The Euromortgage Shop, Sunday, 13 August 2017
To avoid frustration and disappointment, it's important to understand the different stages in
the purchasing process: the budget, timetable, legal procedures and issues related to tax...
The following post explain what you need to know before buying property in France.
Choosing the right property
1- Decide the type of property you're looking for : Existing or new? Flat or house? With or without renovation work? In a town or in the country?
Near the sea or close to the mountains?
2- Study the market: Contact estate agents. Consult specialised websites and magazines. Talk to local residents.

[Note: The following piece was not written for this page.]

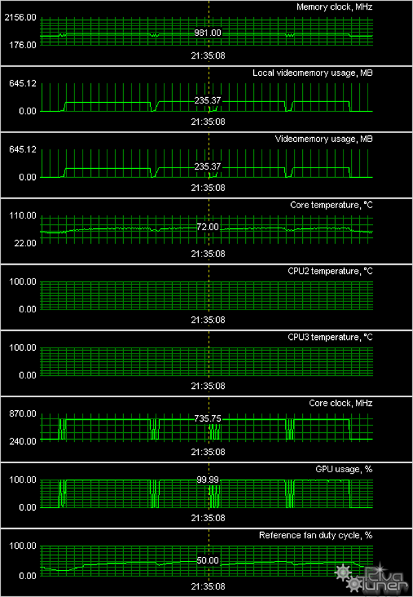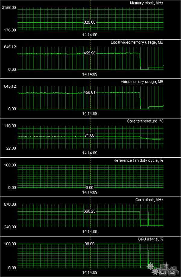 Мы провели исследование температурного режима с помощью утилиты RivaTuner (автор А. Николайчук AKA Unwinder) и получили следующие результаты:
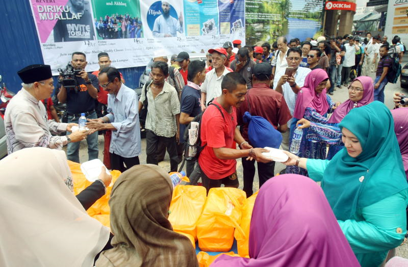 Pada majlis sama, YBK turut mengagihkan makanan kepada 200 gelendangan di sekitar ibu negara.

3- Narrow down your choice: Decide your price range. Choose the region(s) where you'd like to find your property. Defineyour key criteria. Which of
them are essential or of secondary importance?
4- But don't forget the golden rule: Position and accessibility must be the decisive factor in the choice of your future property.
Purchasing... in a nutshell
Always two stages in the buying process
Whether you decide to buy a house or a flat, an existing property or one still in the planning
stage, the property purchasing process is divided into two stages in France:
First of all, you are asked to sign a preliminary contract known as a compromis or promesse
de vente for existing properties, or a contrat de reservation, or reservation contract, for new
properties still under construction.
You will then sign the acte authentique de vente, a deed of sale that is always drawn up by a
notaire the “notary”: or public official responsible for completing the property conveyance
formalities in France. You can expect two or three months to elapse between the signature of
the preliminary and final contracts. You are usually required to be present at both these stages
in the purchasing process; it is possible, however, to give power of attorney to another person
if you are unable to attend. Ask your notaire for further details!
What are your rights?
Seek expert advice regarding tax and inheritance laws.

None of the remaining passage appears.